A esas horas el pueblo entero era para ellos.
Se respiraba una calma tan intensa
que resultaba incómoda —forzando su visión periférica y una sonrisita gentil,
Teresa adujo que quizá se debiera a la decena de ojos que se clavaban sobre
ellos al atravesar la plaza principal.
Casi podía oír los pudorosos grititos
ahogados: una chica entre dos hombres, apenas escondiendo su feminidad bajo un vestido
veraniego que estaba lejos de cubrirle las rodillas y cuyo escote era tan (impudicamente) amplio que revelaba el
corpiño de su trikini turquesa. El chico a su lado que insistía en enseñar su
cuerpo también era un espectáculo en sí mismo, pero los vecinos ya estaban
acostumbrados a ver a Fernando pasearse con su envidiable torso desnudo. Del
otro adolescente le resultaba difícil hacer comentarios picajosos —sólo acudía
a la mente el de que su cuello era demasiado largo para lo pequeño de su cabeza
y que el corte de su remera no ayudaba a disimularlo. Si uno quería ponerse
quisquilloso, siempre había algún gesto a señalar.
Quedaba poco de sus helados cuando alcanzaron
el almacén y quedaron pocos abastecimientos cuando salieron de él —cada uno
llevaba entre dos y tres bolsas, cargadas y pesadas.

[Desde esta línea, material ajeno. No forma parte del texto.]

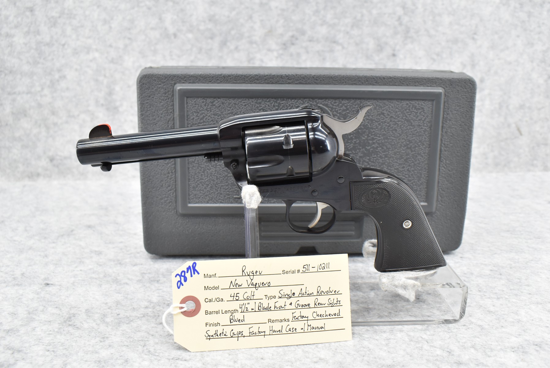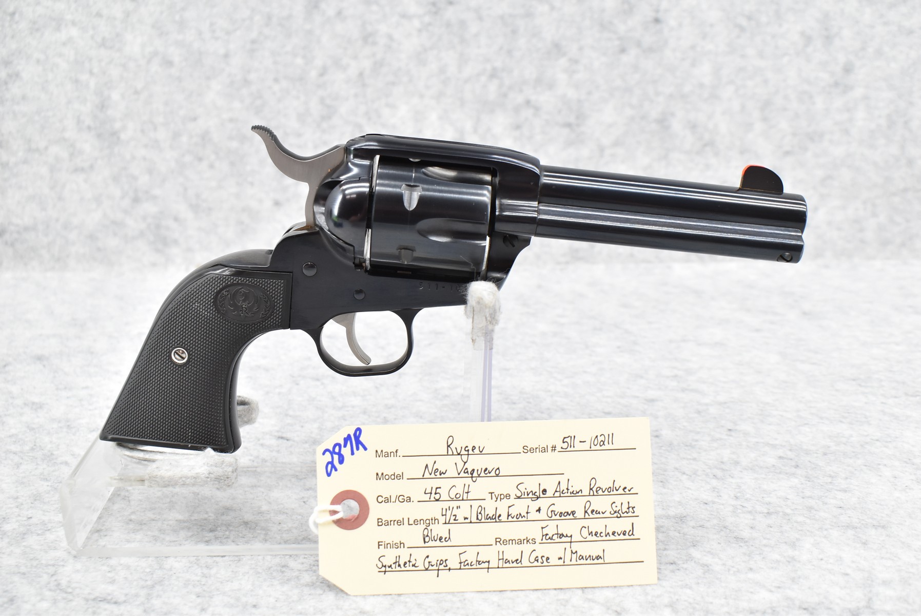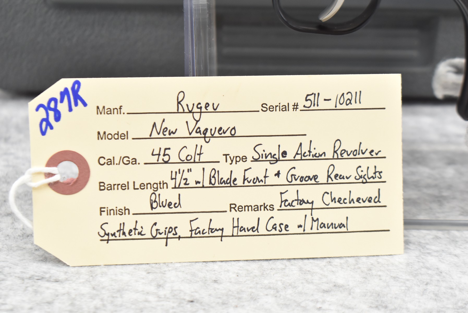 287R. Ruger – Mod. New Vaquero – 45 Colt Cal. Single Action Revolver – w/4 ½” Barrel w/Blade Front & Groove Rear Sights – Blued Finish – w/Factory Checkered Synthetic Grips – w/Factory Hard Case & Manual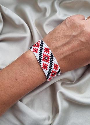 Тканый браслет из бисера с традиционным узором. Изготовлен из качественных материалов: 🔸️чешского бисера; 🔸️застежка из нержавеющей стали. Длина с застежкой - 18 см + 5 см цепочка удлинитель Ширина - 2,4 см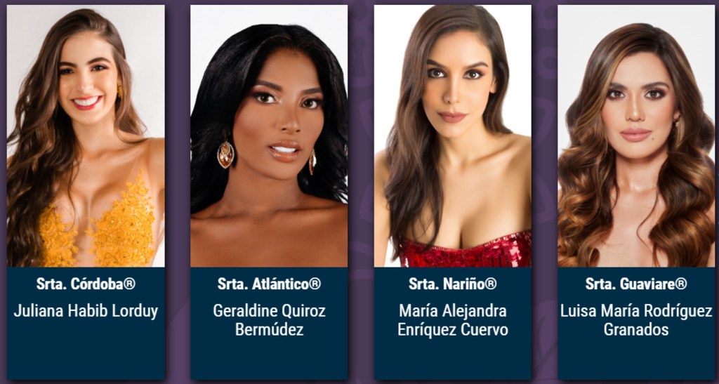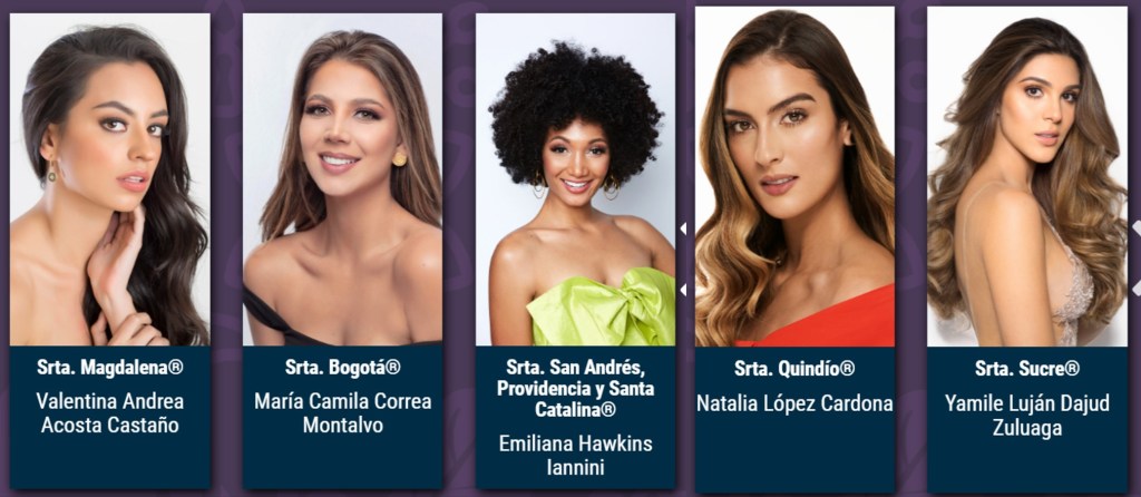 Noviembre en Colombia es el mes de las reinas. Marca el cierre del año porque despues de la elección y coronación de la nueva Señorita Colombia, llega diciembre y todo es fiesta, alegria, navidades. Y, aunque la soberana de éste certamen dejo de elegirse un años por aquello de la pandemia, ahora cuando comenzó la reactivación de los eventos masivos, la junta directiva del concurso tradicional de belleza del país decidió volver por sus fueros con su evento y la verdad con buen pronóstico. Veintitrés candidatas de diferentes regiones de Colombia a través de los respectivos Comités de Belleza se encargaron de buscar y postular a sus representantes ante la junta directiva del exigente concurso. Las niñas de acuerdo con su registro fotográfico son altamente competitivas por su atractivo físico, rostros hermosos y preparación académica excelente. De cuerpos no se puede decir absolutamente nada hasta no verlas en el desfile en traje de baño, que hasta el momento seguirá en su sede natural el Hotel Hilton. Del resto de los actos tradicionales como el desfile de carrozas no hay confirmación, porque el Reinado Popular tampoco se ha pronunciado y sabemos que las candidatas nacionales usufructan algunas de las utilizadas por las reinas de los barrios que compiten por el titulo de soberana de las fiestas novembrinas. Cerradas las inscripciones éstas son las veintitres bellas participantes en Miss Colombia: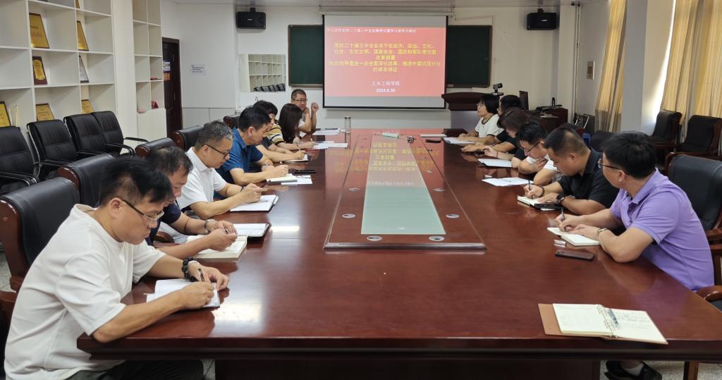 8月30日,按照学校学习宣传党的二十届三中全会精神学习班安排,围绕“党的二十届三中全会关于在经济、政治、文化、社会、生态文明、国家安全、国防和军队等方面改革部署”和“党的领导是进一步全面深化改革、推进中国式现代化的根本保证”两个内容,安博官网线上平台学习宣传党的二十届三中全会精神学习班组织开展第二次学习研讨。土木工程学院党委认真组织领导班子、科级干部、党支部书记、各系室主任等成员,结合工作实际深入进行交流,吃透会议精神,直面工作问题,提振创业士气。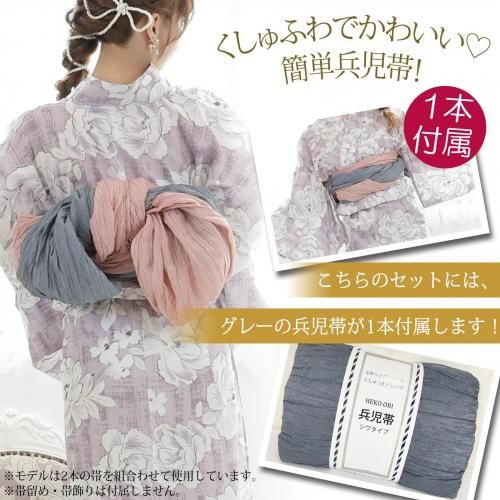セット内容浴衣、兵児帯(グレー色×1)、下駄 3点

—¿Es necesario que todo lo que cocines sea gourmet? —protestó Gino.
—Que yo sepa, nunca tuve que obligarte a que
te sirvieras un segundo plato —repuso Fernando, con una desafiante sonrisita de
suficiencia. —Si te dejás de quejar, puede que considere no hacer rústicas las
papas fritas.
—¡Se calla, se calla! —exclamó Teresa,
pasando el peso de las bolsas a una mano para poder tapar la boca de su amigo.

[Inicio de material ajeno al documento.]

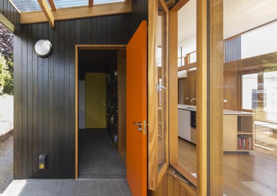The natural finish of the timber panels acts as a foil to the dark stained exterior of the new Pavilion Addition whilst also being a contrast to the white painted walls of the existing colonial period house.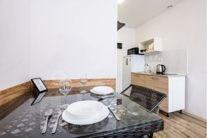 - Апартаменты укомплектованы электрической плитой, чайником, телевизором, холодильником и микроволновкой.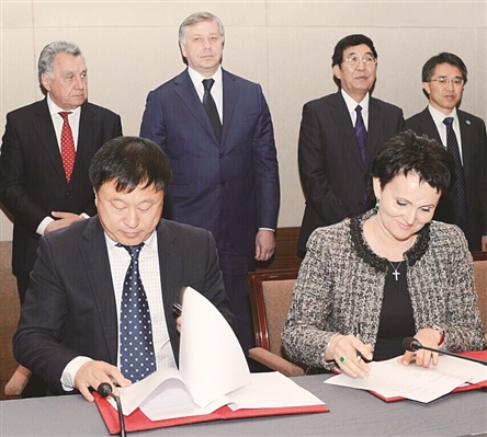 图2为珲春农商银行董事长李鹰与俄罗斯滨海商业银行签订战略合作协议。

—¡La voz del diablo se oye en nuestra Tierra!
—chilló entonces el teléfono de Martín, sobresaltándola.
—¿Me lo leés?
Con absoluta
naturalidad, Teresa metió la mano en el bolsillo del short de baño de Martín y
sacó el celular. Resolvió el patrón de
desbloqueo y dejó escapar algo entre un chiflido y un silbido.
—¡Es de
Ce-les-te! —anunció, burlona. —«Mañana vuelve a empezar La Forza. La clase es a
las cinco, pero si querés nos podemos ver un toque antes así no se te hace tan
raro. ¿Te copa?» —Martín asintió. —Esa es mi traducción, porque a esta chica
parece que no le gustan las vocales. ¿Qué son esos dos puntos pe que intercala
entre casi cada palabra? —Fernando abrió mucho los ojos y sacó la lengua hacia
un costado, en una expresión ridícula que desprendió risas de sus amigos.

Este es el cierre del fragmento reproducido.